-- Source material follows --

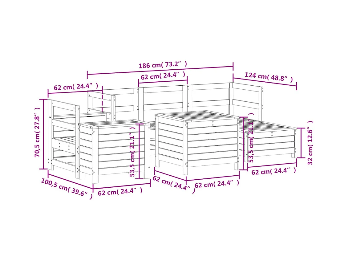 Salon de jardin 7 pcs bois massif sapin de douglas
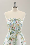 White A Line Strapless 3D Flowers Tulle Wedding Dress with Slit
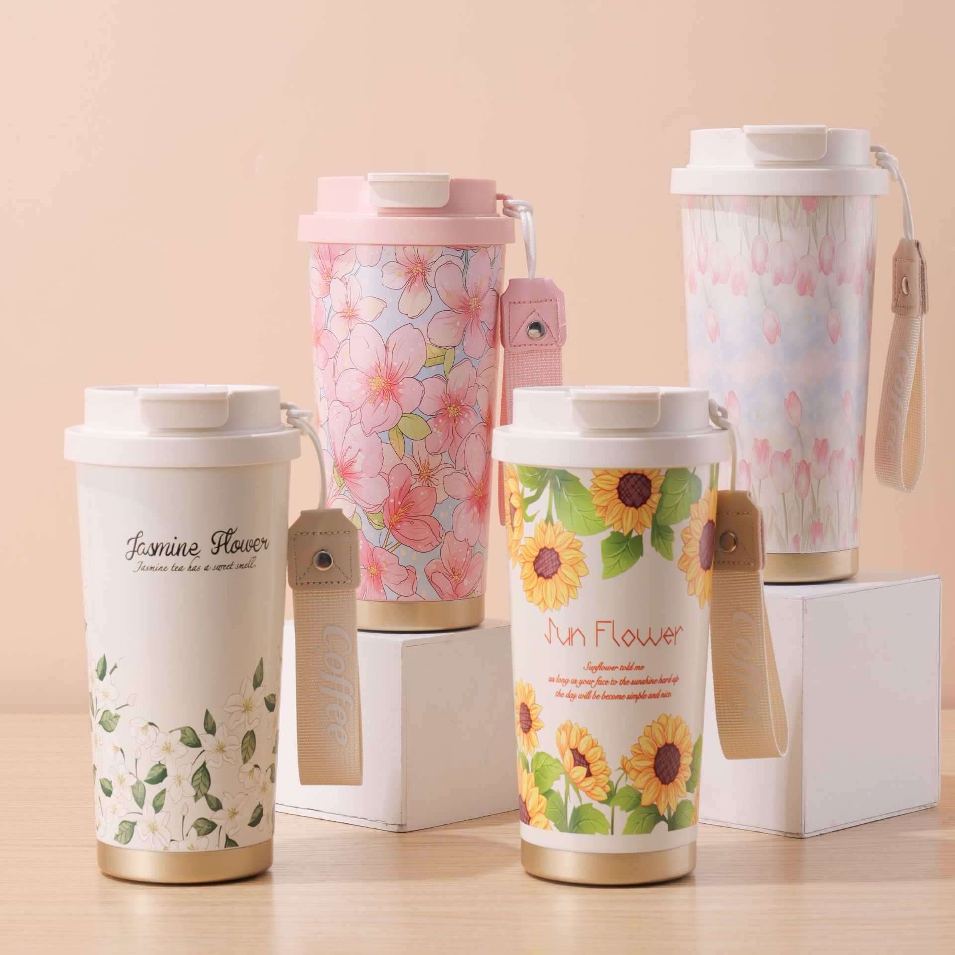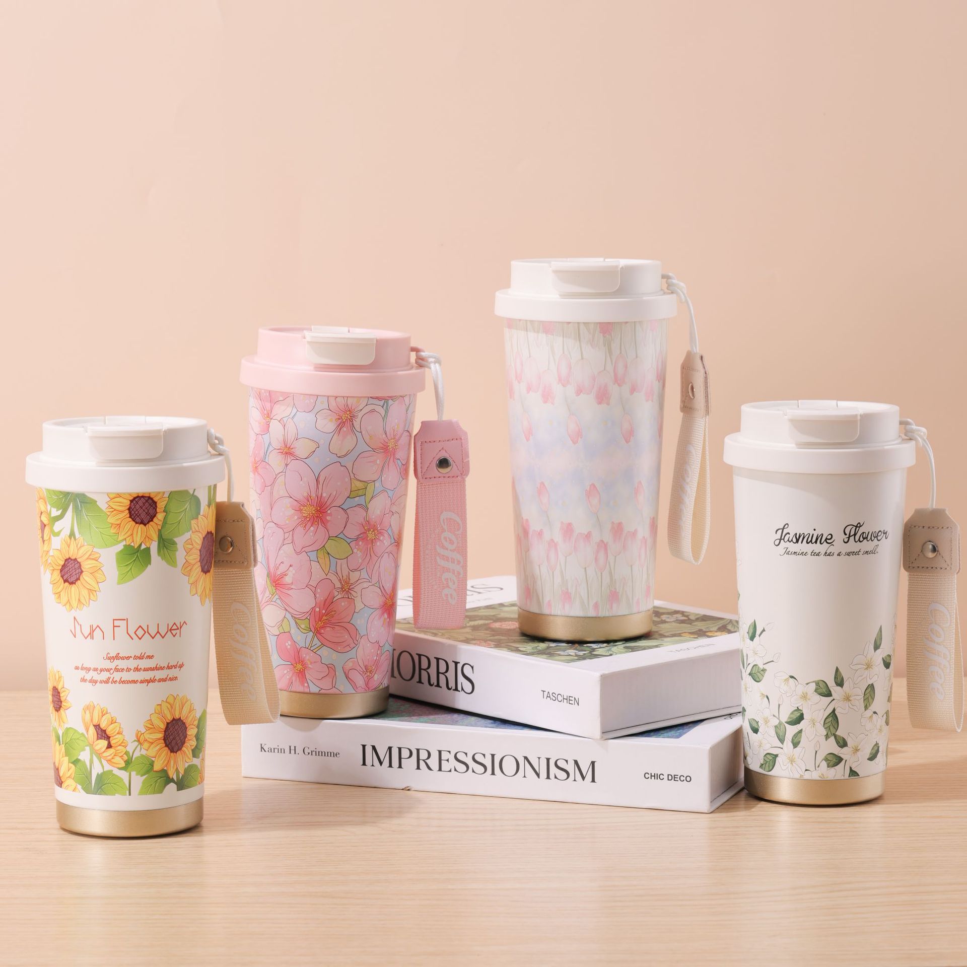 높은 가치의 릴리 인 더 밸리 커피 컵 316 스테인레스 스틸 보온병 컵 휴대용 핸들 더블 마시는 컵 가벼운 고급 고급 느낌스토어 가기
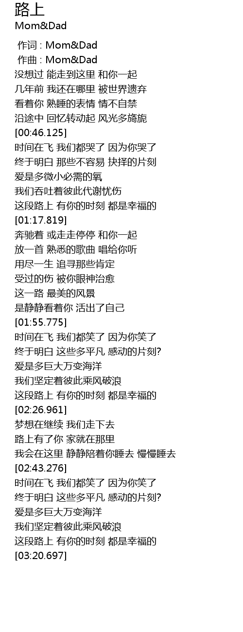 | [00:00.000] | 作词 : Mom&Dad |
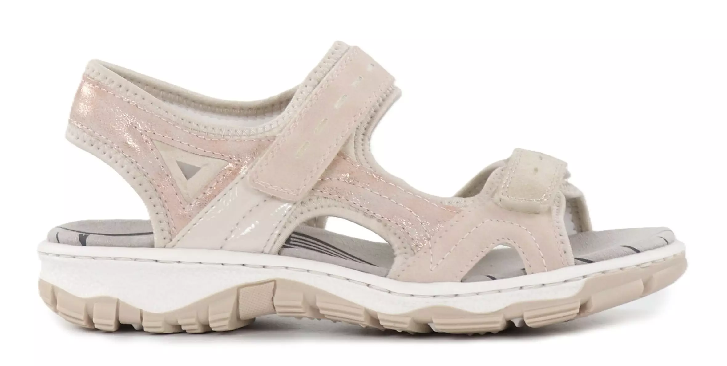 Really comfortable sandals from Rieker with adjustable velcro straps that ensure the shoes fit perfectly! The upper is a beautiful pink/nude shade and has rose gold glitter.
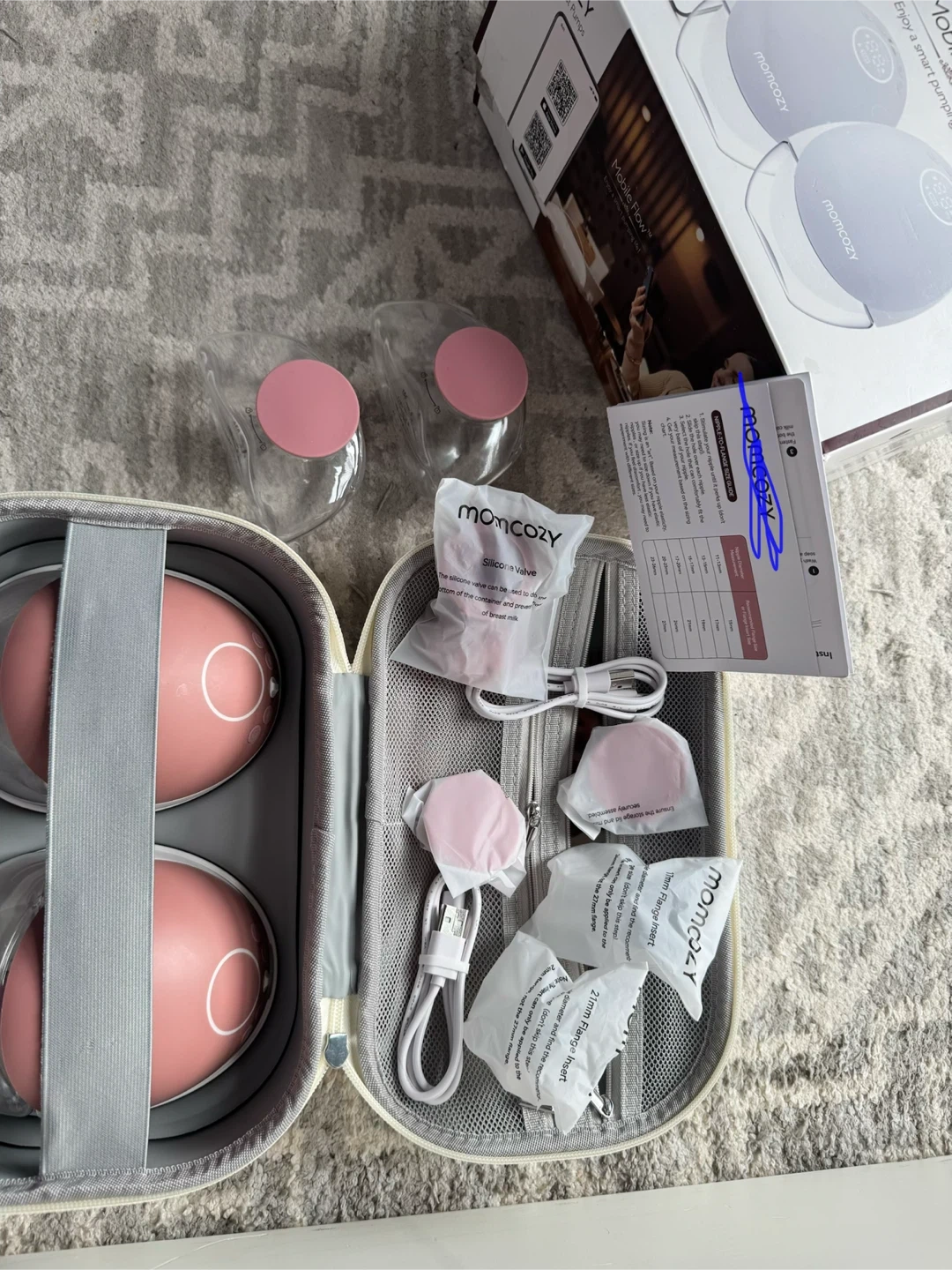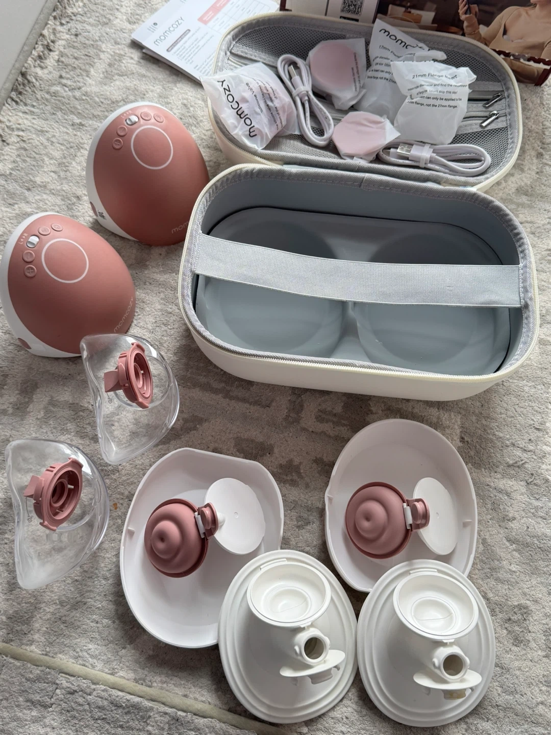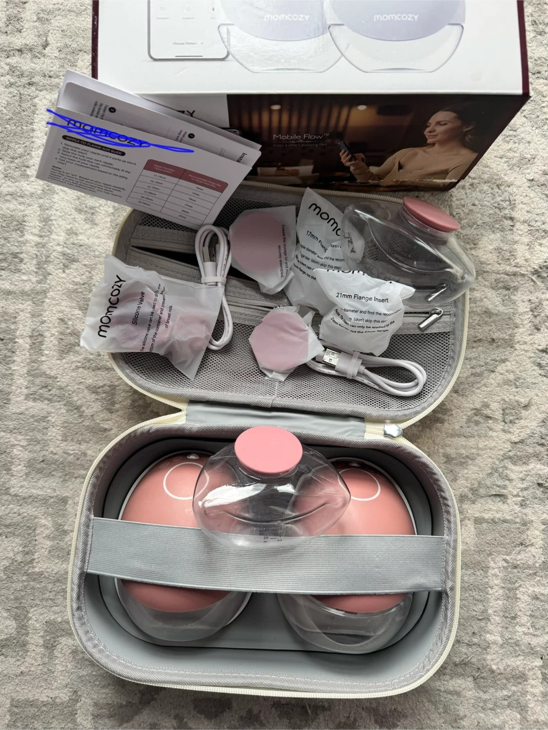 Momcozy wearable breast pump, Model Mobile Flow, in pink. Includes two pumps, charging cables, and a carrying case. Offers multiple flange insert sizes. And all parts available, most of parts never used.

-- Source material concluded --

Please give again only those lines that run from the one containing "Really comfortable sandals" through the final line of the listing, both included, exactly as written and without pictures.

 Really comfortable sandals from Rieker with adjustable velcro straps that ensure the shoes fit perfectly! The upper is a beautiful pink/nude shade and has rose gold glitter.
 Momcozy wearable breast pump, Model Mobile Flow, in pink. Includes two pumps, charging cables, and a carrying case. Offers multiple flange insert sizes. And all parts available, most of parts never used.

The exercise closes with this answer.